Another randomised clinical trial compared the use of a single 2mg/kg dose of methylene blue given 1hr prior to surgery in patients at high risk of developing vasoplegia (Ozal et al. 2005). In this study, vasoplegic syndrome was not observed in any patients in the treatment group but occurred in 26% of the control. In a second prospective randomised controlled trial, a dose of 3mg/kg vs placebo was given immediately post cardiopulmonary bypass and was observed to significantly reduce post-operative phenylephrine and noradrenaline requirements (Maslow et al. 2006).

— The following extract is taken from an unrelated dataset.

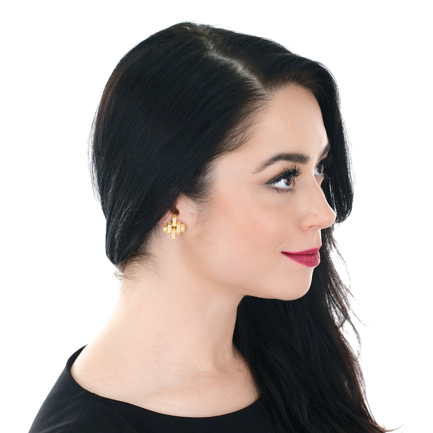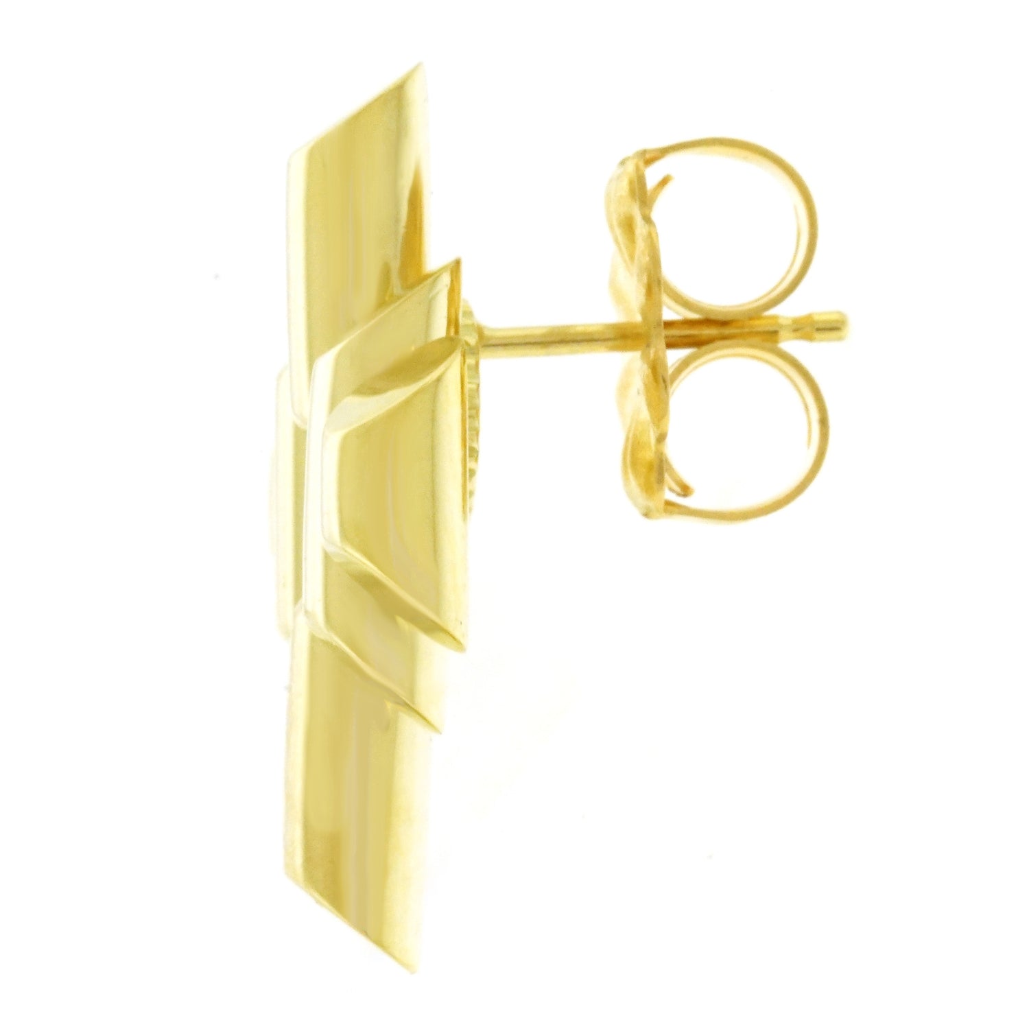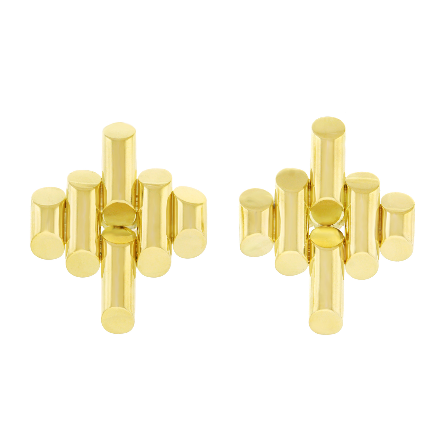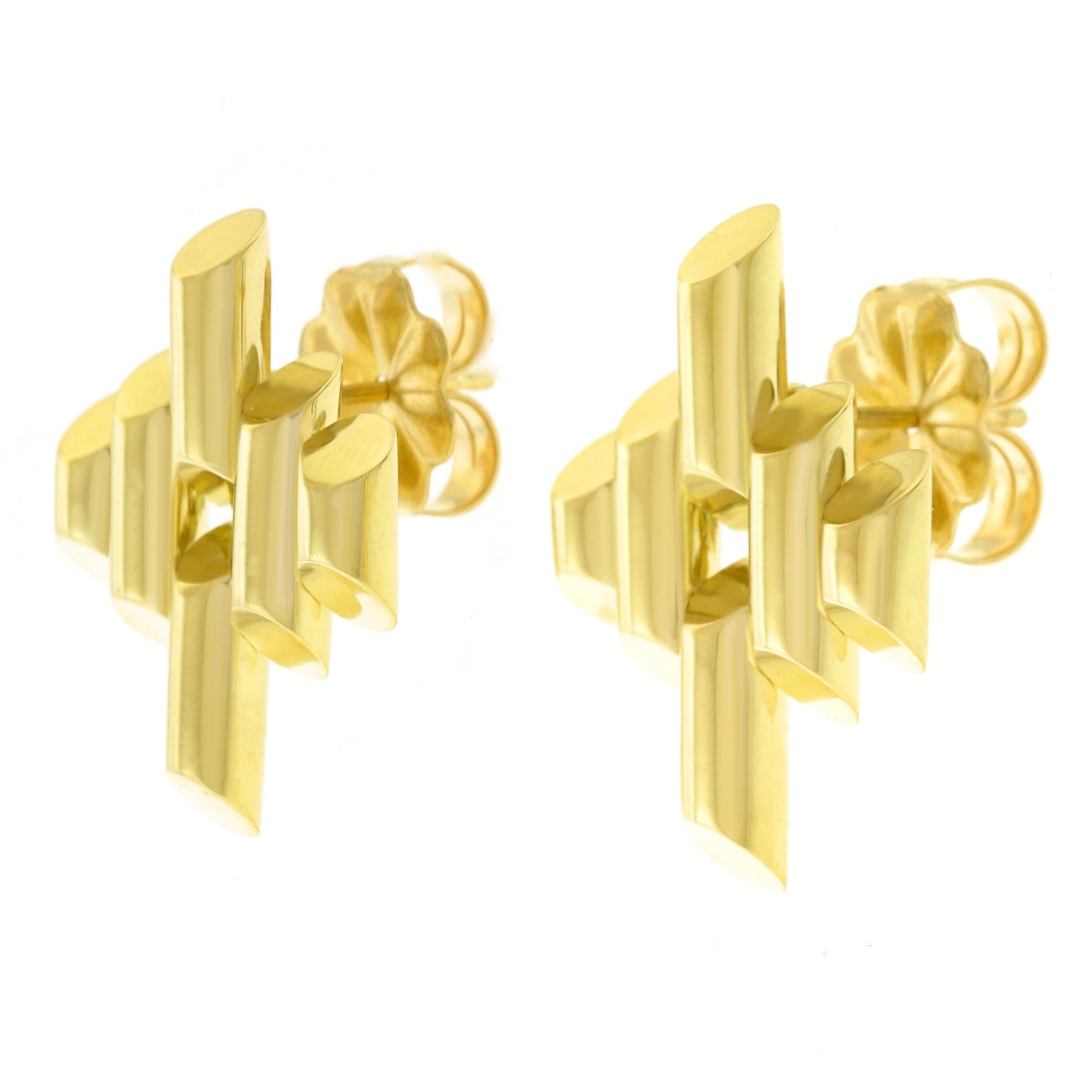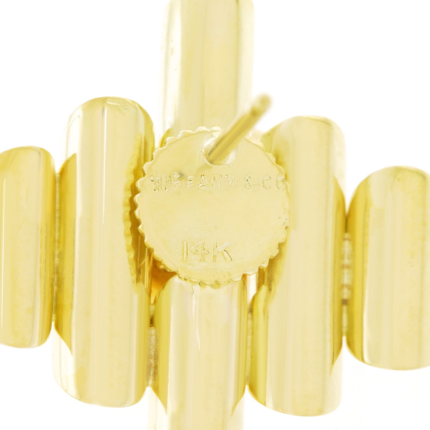 Circa 1930s-40s, 14k, Tiffany & Co., New York City. These wonderfully stylish Tiffany & Co. earrings showcase Deco chic as it transcendently evolves into constructivist and retro. The look is cheerful, modern, and timeless. Equally chic paired with jeans or an evening gown, these earrings effortlessly go anywhere. Comfortable to wear and well-made, they are in excellent condition.
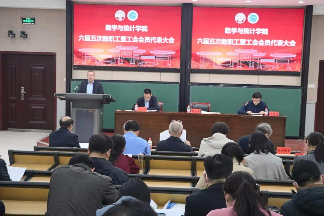 会议第一阶段由学院党委副书记赵红磊主持。院长韩小森作了《新百年 再出发 为实现学院更快更好发展而接续奋斗》的学院工作报告。韩小森在报告中谈到,2022年是不平凡的一年,疫情反复不断,为学院各项工作开展带来了诸多不利影响,但在全院师生的共同努力下仍取得了可喜成绩,学院数学学科由C+升至B-,实现了重大突破,为学院新百年发展奠定了良好开局;统计学科继续稳定在C+,党的建设、学科建设、科学研究、人才培养、师资队伍建设、国际化交流、服务保障等方面均取得长足进步。2023年,在建院100周年的重要历史时刻,学院将继续以习近平新时代中国特色社会主义思想为指引,以百年院庆为契机,以更加积极的态度、更加执著的努力、更加务实的作风,为学院更快更好发展而接续奋斗,不断创造学院发展新辉煌。

Finally, a single centre retrospective analysis evaluating the use of 2 mg/kg of intravenous methylene blue followed by a 12-hour infusion at 0.5 mg/kg/h demonstrated that the use of methylene blue was associated with significant reductions in major adverse events defined as permanent stroke, renal failure, reoperation, deep sternal wound infection, and prolonged ventilation in addition to operative mortality (in-hospital or 30-day) (Mehaffey et al. 2017).
Despite these encouraging data, further research is now needed to establish whether methylene blue can be effectively applied to severe post-operative cardiothoracic vasoplegia to reduce both mortality, duration of vasopressor therapy and ICU length of stay. Given how rapidly the burden of cardiac disease and the frequency of cardiac surgical intervention is increasing, a large randomised controlled trial to determine the safety and efficacy of this therapy is a high priority.